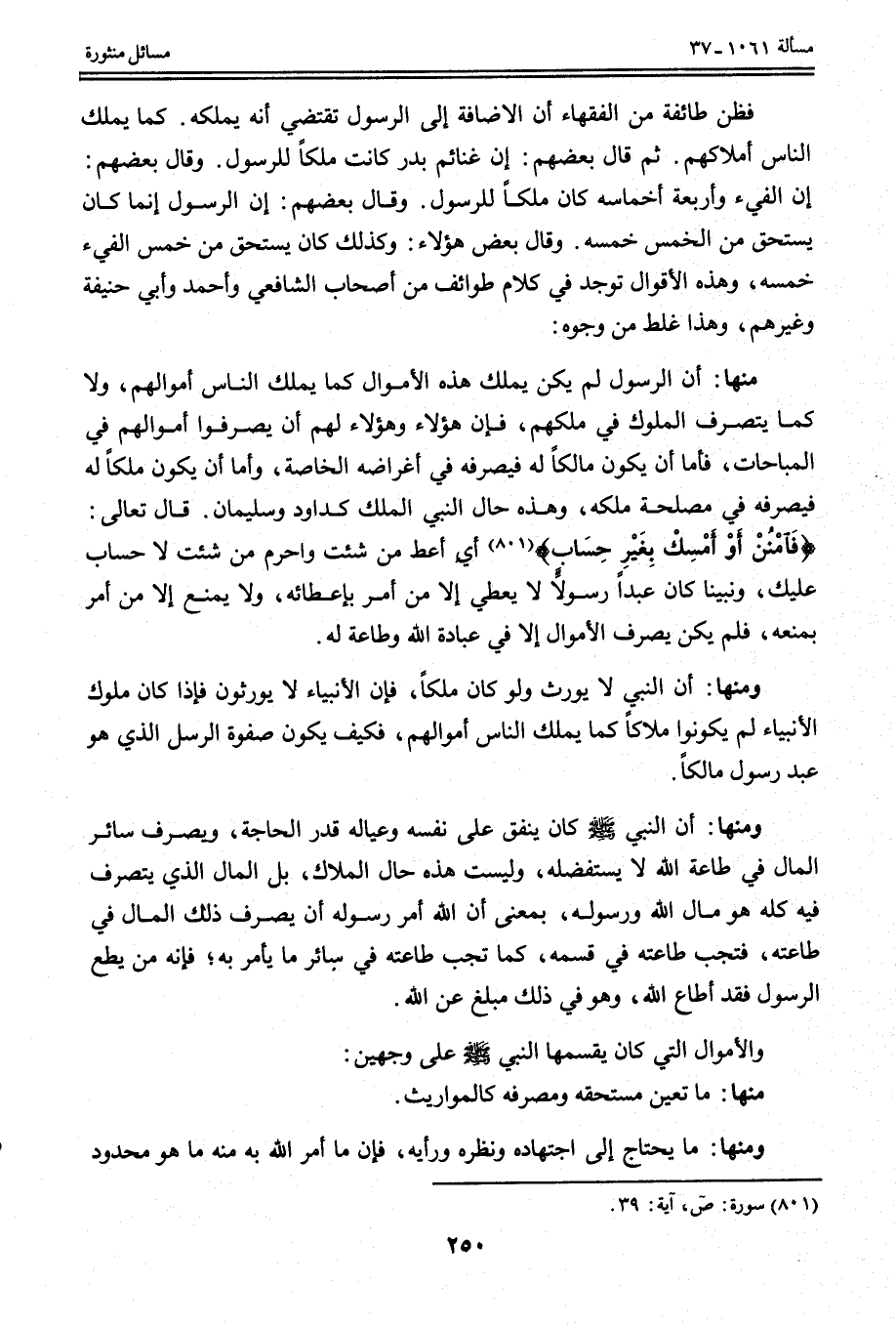 قَالَ تَعَالَى: {فَامْنُنْ أَوْ أَمْسِكْ بِغَيْرِ حِسَابٍ} [ص: 39] أَيْ أَعْطِ مَنْ شِئْت وَاحْرِمْ مَنْ شِئْت لَا حِسَابَ عَلَيْك، وَنَبِيُّنَا كَانَ عَبْدًا رَسُولًا لَا يُعْطِي إلَّا مَنْ أُمِرَ بِإِعْطَائِهِ، وَلَا يَمْنَعُ إلَّا مَنْ أُمِرَ بِمَنْعِهِ، فَلَمْ يَكُنْ يَصْرِفُ الْأَمْوَالَ إلَّا فِي عِبَادَةِ اللَّهِ وَطَاعَةٍ لَهُ.
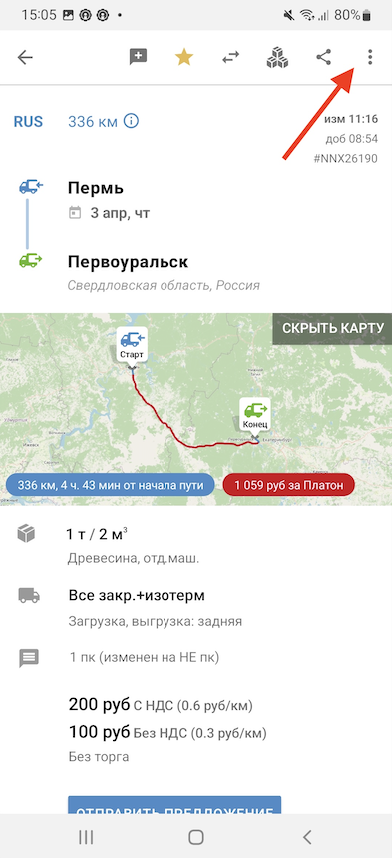 Для этого, например, в карточке груза нажмите на 3 точки.
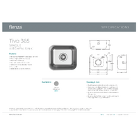 Fienza Tiva 365 Single Bowl Kitchen Sink 16 Litre Stainless Steel 68101
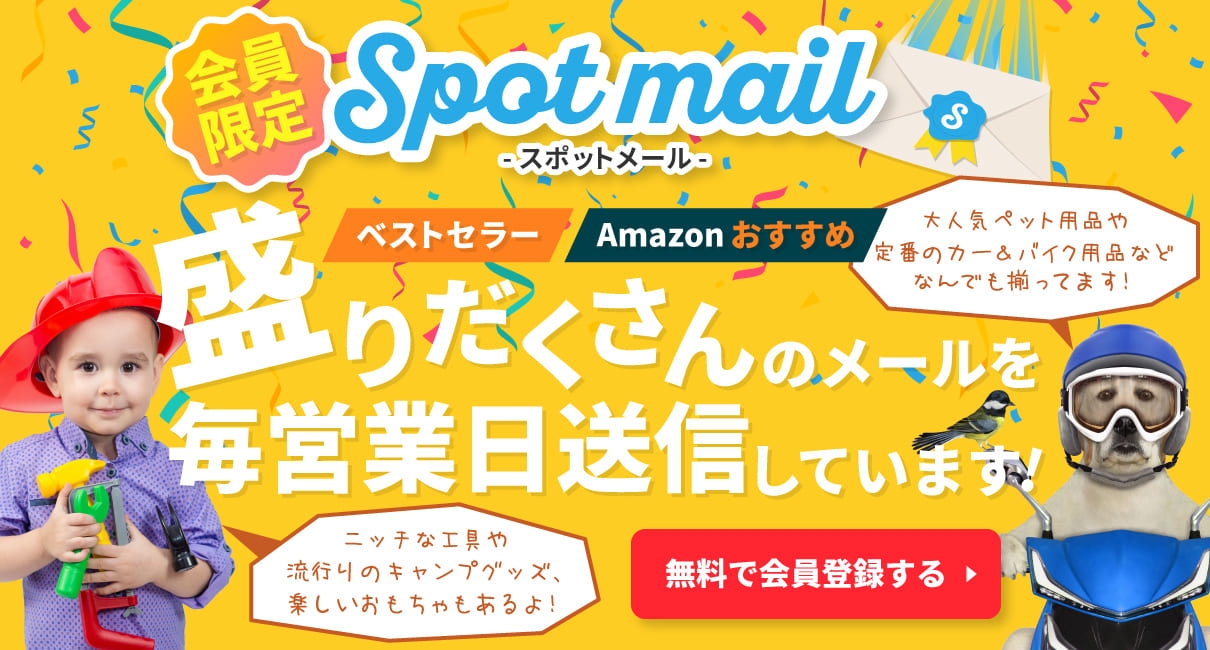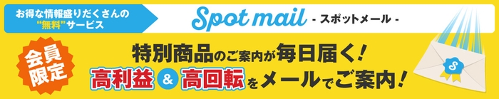 【Amazonで販売する商品をお探しの方にオススメ!】無料会員登録をしていただいた方限定で、売れ筋商品のご案内が毎日届く『スポットメール配信サービス』をはじました。
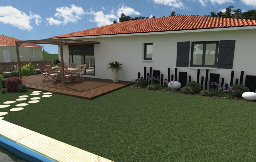 Maisons d’en France Sud-Ouest vous propose d’y construire cette maison neuve ultra lumineuse de 85m². Optimisée et fonctionnelle, elle se compose d’une pièce de vie de près de 42m² avec cuisine ouverte. Cette pièce de vie profite d’une triple exposition à la lumière naturelle.
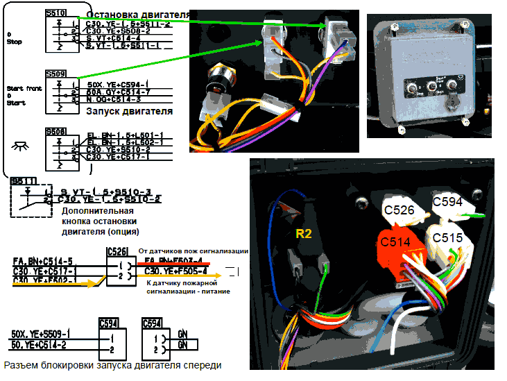4 - Сигнал от S510 (+24 B) тумблера остановки двигателя на реле R507 RP20 Остановки двигателя (см схему EDC)
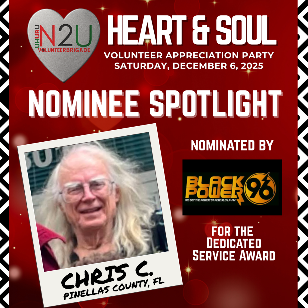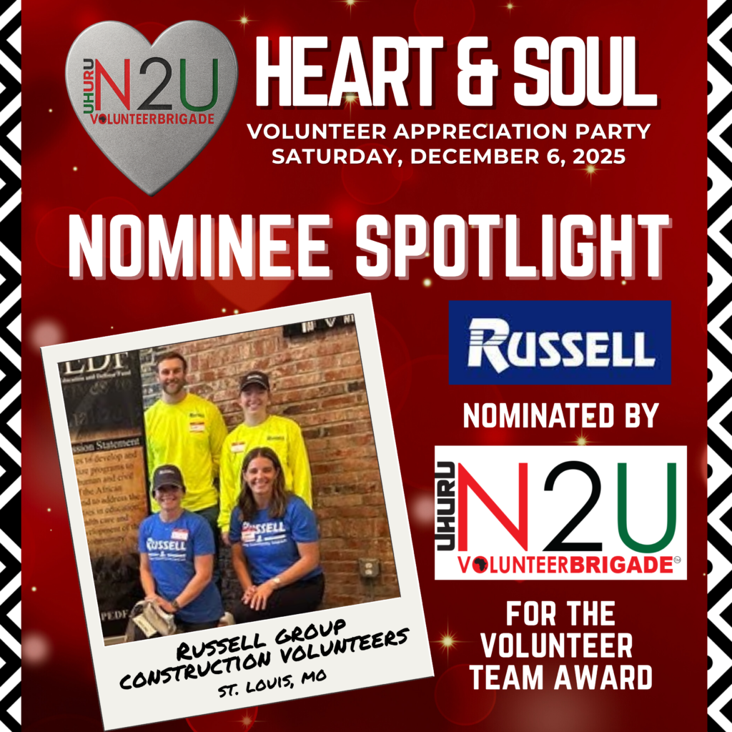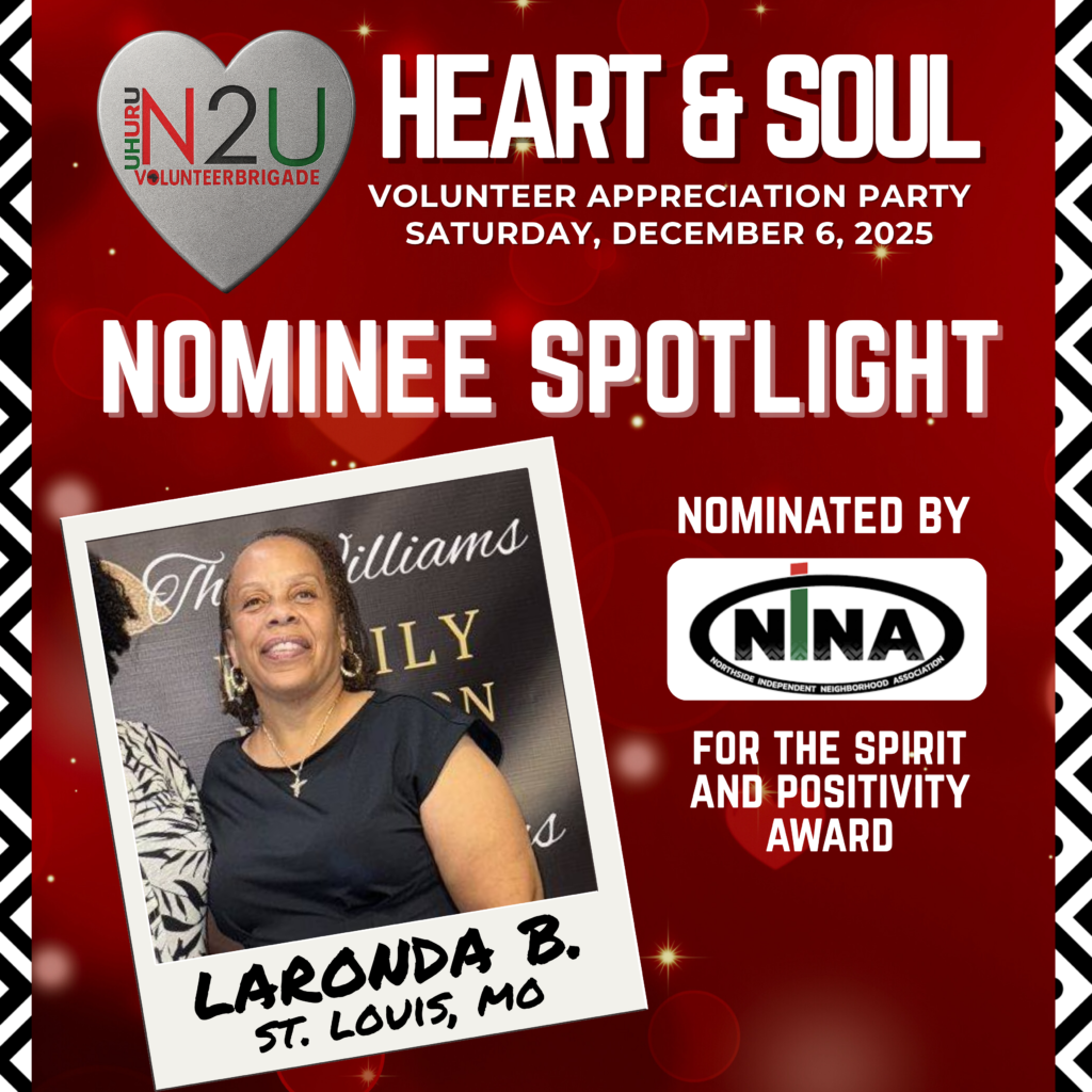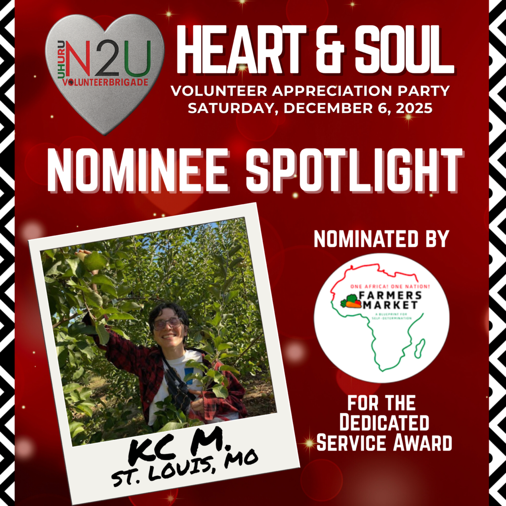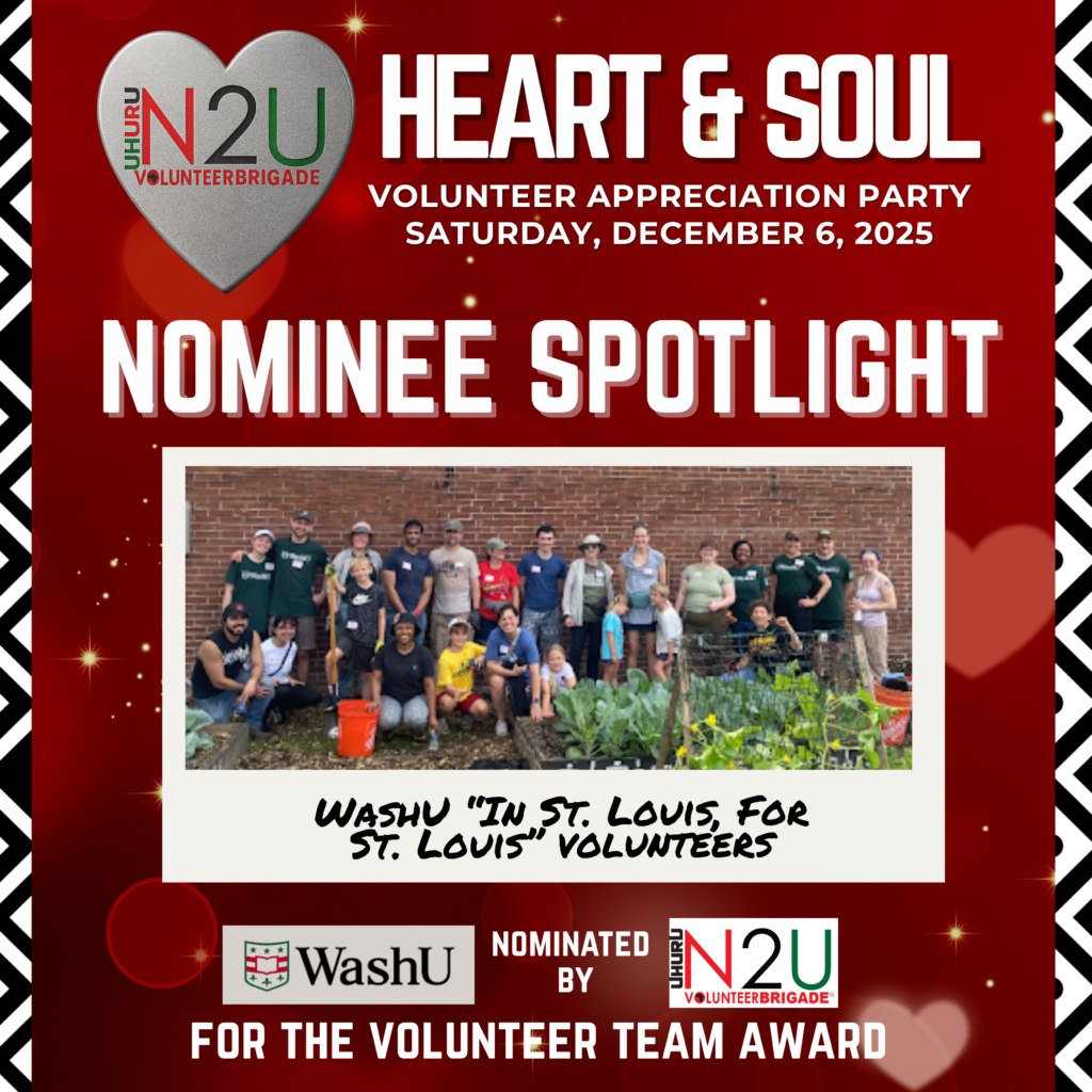 The 4th Annual Uhuru N2U “Heart and Soul” Volunteer Appreciation party is coming up soon, Saturday, December 6th, 2025 at 3 pm CT. This year has seen a record-breaking number of volunteer nominees for the annual volunteer award categories. Over 50 nominations have been received and all reflect amazing work done by our incredible volunteers! Below we name each category along with pictures of the nominees and who nominated them. Click here to register for this event. Attend in-person in St. Louis, MO or St. Petersburg, FL, or attend remotely via Zoom.

* * * * * * *

» **EXERCISE OBJECTIVE**: Skip every picture, and restate word for word only the lines above from the line containing "Для этого, например, в" to the line containing "4 - Сигнал от", both of them included.

» **TASK RESULT**:
 Для этого, например, в карточке груза нажмите на 3 точки.
 Fienza Tiva 365 Single Bowl Kitchen Sink 16 Litre Stainless Steel 68101
 【Amazonで販売する商品をお探しの方にオススメ!】無料会員登録をしていただいた方限定で、売れ筋商品のご案内が毎日届く『スポットメール配信サービス』をはじました。
 Maisons d’en France Sud-Ouest vous propose d’y construire cette maison neuve ultra lumineuse de 85m². Optimisée et fonctionnelle, elle se compose d’une pièce de vie de près de 42m² avec cuisine ouverte. Cette pièce de vie profite d’une triple exposition à la lumière naturelle.
4 - Сигнал от S510 (+24 B) тумблера остановки двигателя на реле R507 RP20 Остановки двигателя (см схему EDC)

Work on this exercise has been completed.